- **EXERCISE INPUTS**:
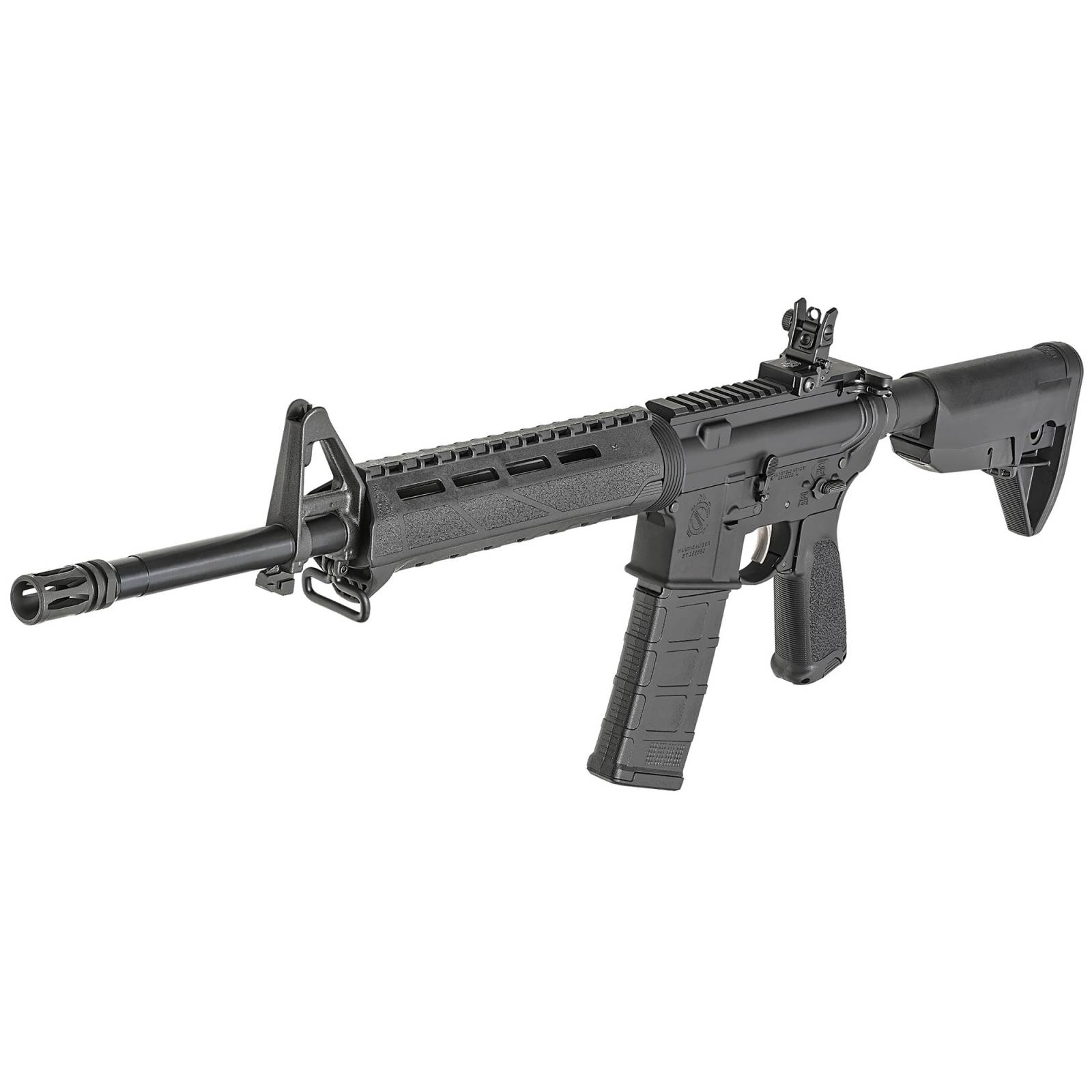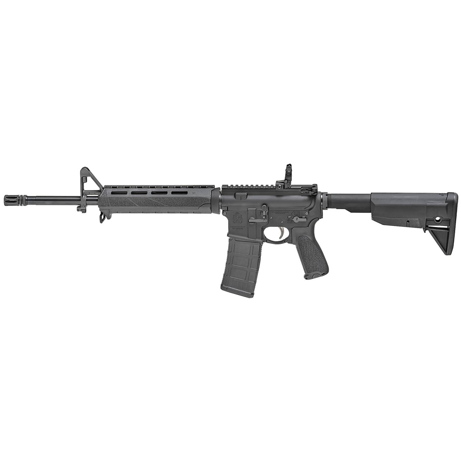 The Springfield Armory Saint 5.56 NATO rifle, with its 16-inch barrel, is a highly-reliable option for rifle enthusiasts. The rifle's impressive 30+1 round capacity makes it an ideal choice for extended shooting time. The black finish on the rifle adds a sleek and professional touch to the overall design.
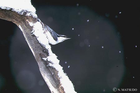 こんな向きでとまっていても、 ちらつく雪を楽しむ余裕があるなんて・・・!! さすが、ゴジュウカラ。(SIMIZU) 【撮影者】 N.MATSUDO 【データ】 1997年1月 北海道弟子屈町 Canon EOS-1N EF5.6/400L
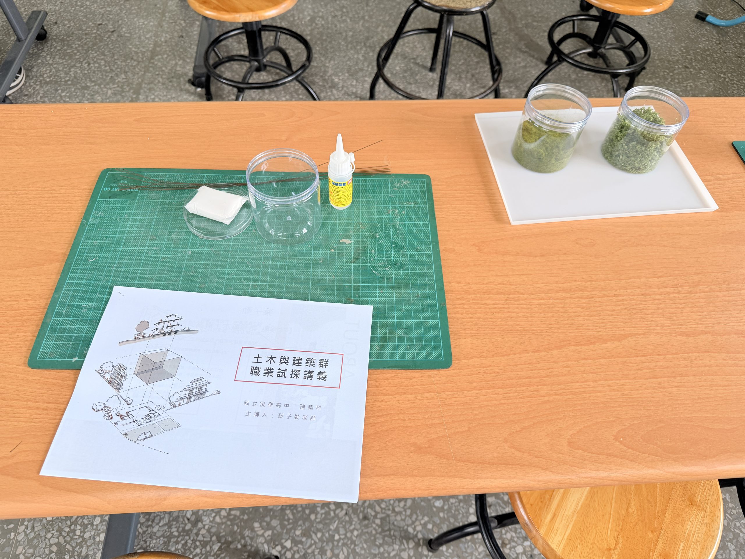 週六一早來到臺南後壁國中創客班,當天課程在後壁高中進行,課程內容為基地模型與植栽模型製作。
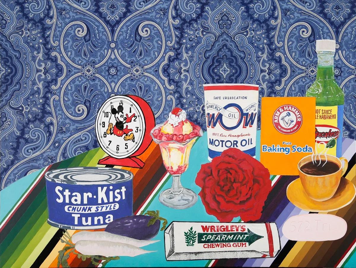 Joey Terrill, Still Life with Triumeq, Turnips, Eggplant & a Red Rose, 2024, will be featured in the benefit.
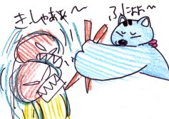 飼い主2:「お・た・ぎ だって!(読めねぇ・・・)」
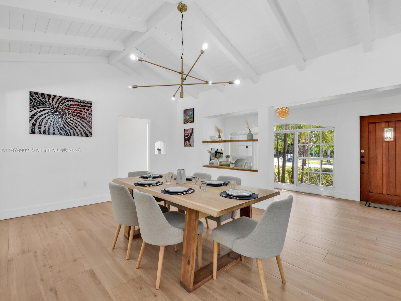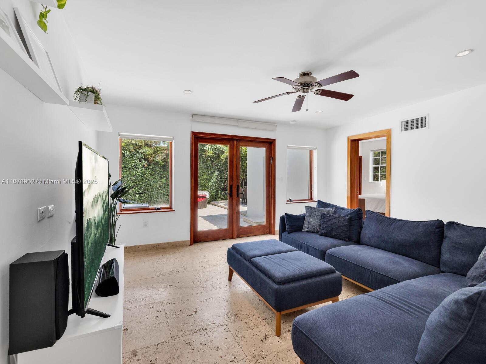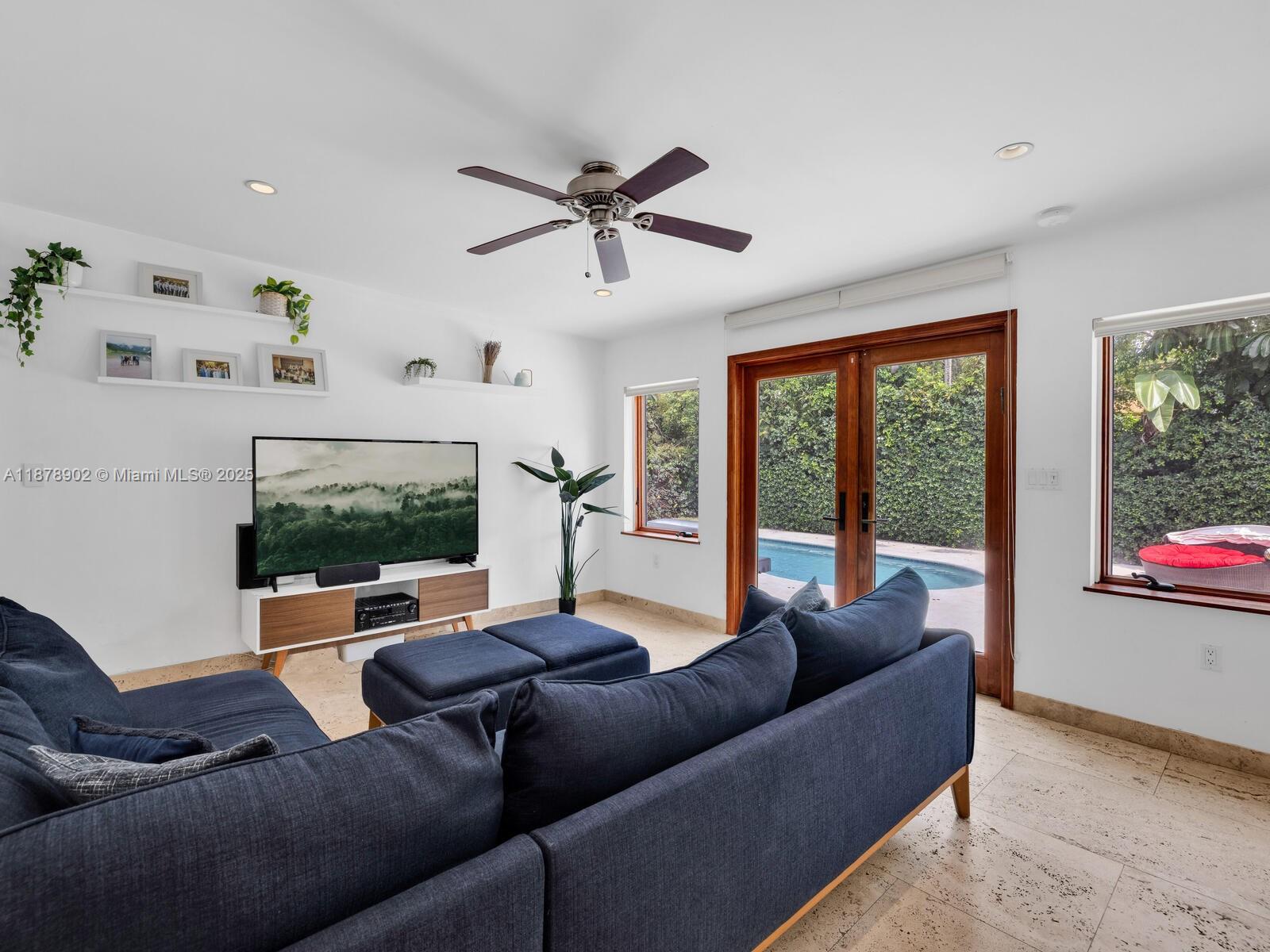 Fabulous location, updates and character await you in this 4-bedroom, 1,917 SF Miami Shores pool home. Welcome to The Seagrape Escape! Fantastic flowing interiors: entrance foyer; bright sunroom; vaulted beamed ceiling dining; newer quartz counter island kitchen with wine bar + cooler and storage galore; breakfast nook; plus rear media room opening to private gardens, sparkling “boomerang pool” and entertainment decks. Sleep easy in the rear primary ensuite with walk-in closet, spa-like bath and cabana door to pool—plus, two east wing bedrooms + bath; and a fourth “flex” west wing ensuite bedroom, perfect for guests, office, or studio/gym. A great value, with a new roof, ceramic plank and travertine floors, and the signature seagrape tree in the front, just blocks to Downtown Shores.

- **PROBLEM**: Copy all records exactly; omit images.

- **ANSWER SPACE**:
 The Springfield Armory Saint 5.56 NATO rifle, with its 16-inch barrel, is a highly-reliable option for rifle enthusiasts. The rifle's impressive 30+1 round capacity makes it an ideal choice for extended shooting time. The black finish on the rifle adds a sleek and professional touch to the overall design.
 こんな向きでとまっていても、 ちらつく雪を楽しむ余裕があるなんて・・・!! さすが、ゴジュウカラ。(SIMIZU) 【撮影者】 N.MATSUDO 【データ】 1997年1月 北海道弟子屈町 Canon EOS-1N EF5.6/400L
 週六一早來到臺南後壁國中創客班,當天課程在後壁高中進行,課程內容為基地模型與植栽模型製作。
 Joey Terrill, Still Life with Triumeq, Turnips, Eggplant & a Red Rose, 2024, will be featured in the benefit.
 飼い主2:「お・た・ぎ だって!(読めねぇ・・・)」
 Fabulous location, updates and character await you in this 4-bedroom, 1,917 SF Miami Shores pool home. Welcome to The Seagrape Escape! Fantastic flowing interiors: entrance foyer; bright sunroom; vaulted beamed ceiling dining; newer quartz counter island kitchen with wine bar + cooler and storage galore; breakfast nook; plus rear media room opening to private gardens, sparkling “boomerang pool” and entertainment decks. Sleep easy in the rear primary ensuite with walk-in closet, spa-like bath and cabana door to pool—plus, two east wing bedrooms + bath; and a fourth “flex” west wing ensuite bedroom, perfect for guests, office, or studio/gym. A great value, with a new roof, ceramic plank and travertine floors, and the signature seagrape tree in the front, just blocks to Downtown Shores.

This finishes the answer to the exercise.